Маша не решалась взглянуть на Рудовского. Она вынула из папки распечатку карты с точкой, помеченной крестиком: третье, последнее письмо от Алисы – Ольге. Положила ее на стол перед продюсером.
– Это место. Съезд с поселковой дороги на шоссе. Там, где погибла ваша первая супруга. Я нашла в архивах ГИБДД отчет по аварии. Крутой поворот, не первый смертельный случай… Но, видите ли… Ольга уже шесть лет жила в этом доме и регулярно ездила на машине в город в зимнее время. Она не могла не знать, насколько опасно разгоняться на этом отрезке и как часто подтаявший снег, заледенев вечером…
– Я понял, что вы хотите сказать. – Рудовский смотрел прямо на Машу, но явно ее уже не видел. – Вы не могли бы уйти?
Отрывок из зеленой тетради
Итак, первыми выводить людей взялась Екатерина Медичи. Хотя что это я? За много лет до моды на карликов и по век двадцатый человечество не оставляло надежд выпестовать подходящий ему экземпляр. Просто параметры были отличны. В Спарте – одни. У Платона – другие. У древних северных народов – третьи.

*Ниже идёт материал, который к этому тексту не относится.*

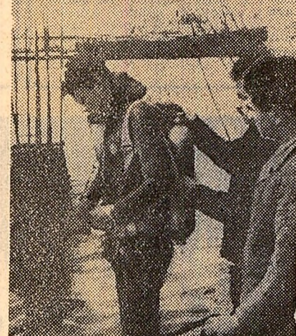
— a confirmat purtătorul de cuvînt oficial al guvernului R.A.U., Hassan Zayat. Este vorba de o primă etapă de studiere în adîncime a canalului pentru a înlătura obstacolele existente. Aceste sondaje, a precizat purtătorul de cuvînt, vor dura 2—3 săptămîni. Răspunzînd unei întrebări a ziariștilor referitoare la cererea Izraelului de a se proceda la demilitarizarea peninsulei Sinai, Zayat a subliniat că ideea creării unor zone demilitarizate a fost totdeauna acceptabilă pentru R.A.U., dar numai în cazul în care și cealaltă parte o acceptă.

La 27 ianuarie vor începe lucrările pentru deblocarea navelor sub pavilion străin din Canalul de Suez
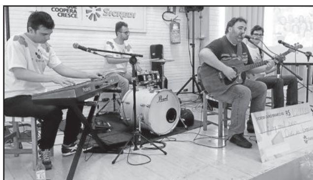
Músicos voluntários fizeram a animação do almoço
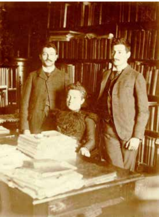
Goldziher felesége és fiai a tudós dolgozószobájában

Egy évvel később a fehérvári zsidó iskola felvette Goldziher nevét, és példakép gyanánt minden osztályterembe kifüggesztették a képét is. De nemcsak a zsidó iskolába került a tudós arcképe, hanem a cisztercita gimnázium dísztermébe és a Fehérvári Kereskedelmi Csarnokba is. 18
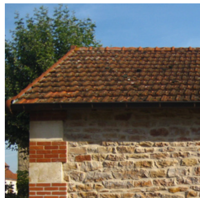
Couverture en tuile mécanique
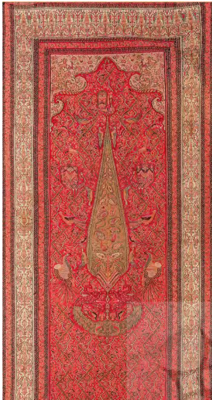
تصویر ۱- ترمه قاجاری کرمان، ۲۱۴×۱۲۲ سانتی‌متر. مأخذ: http://textileasart.com/persian-textile-2289
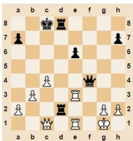
♚ Мат в 2 хода
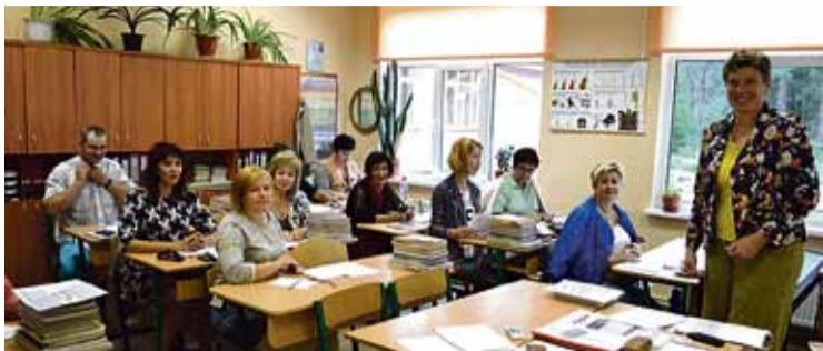
Stopiņu pamatskolas pedagogi apspriežas pirms jaunā mācību gada uzsākšanas.

Pirmsskolas izglītības iestādes audzēkņiem iegādāts rotaļu komplekts „Vilciens” par 3182,30 EUR. Skolai iegādāti divi datori kopsummā par 1863,73 EUR. Vienai pirmsskolas izglītības grupai iegādātas jaunas gultas par 2119,12 EUR. Iegādāti soli, krēsli, skapji 1100 EUR vērtībā. Ugunsdrošības jomā (metāla durvju ielikšana u.c.), ieguldīti 2060 EUR. Pašu spēkiem veikti krāsošanas darbi, krāsu izmaksas – 680 EUR.

Занятно, что одно из самых страшных мероприятий XX века выросло из весьма благородного корня – стремления к идеалу. Впрочем, подобные парадоксы – вполне банальная вещь. Видите ли, у Чарлза Дарвина, знаменитого автора «Происхождения видов», имелся кузен, Фрэнсис Гальтон, прекраснейшей души человек. Из тех викторианских джентльменов – «ученых-любителей» XIX века, чей реальный вклад в науку огромен. Изучив теорию эволюции, он пошел дальше Чарлза, решив, что и человеческий вид надобно улучшать, впервые употребив термин «евгеника», от греческого «хорошего рода». Гальтон призывал селекционировать человека подобно домашнему скоту, улучшая его наследственные признаки. Речь шла поначалу о необходимости юношей и девушек из хороших семей жениться исключительно меж собой. Мысль, прямо скажем, не новая и до сих пор весьма практикуемая среди внимательных к своим чадам матерей. Евгеника, по мнению Гальтона, должна была подтвердить право англосаксонской расы на мировое господство, и тут-то звенит у всех в голове первый тревожный звоночек, но вспомним, что во времена Гальтона над Британской империей и так уже не заходило солнце.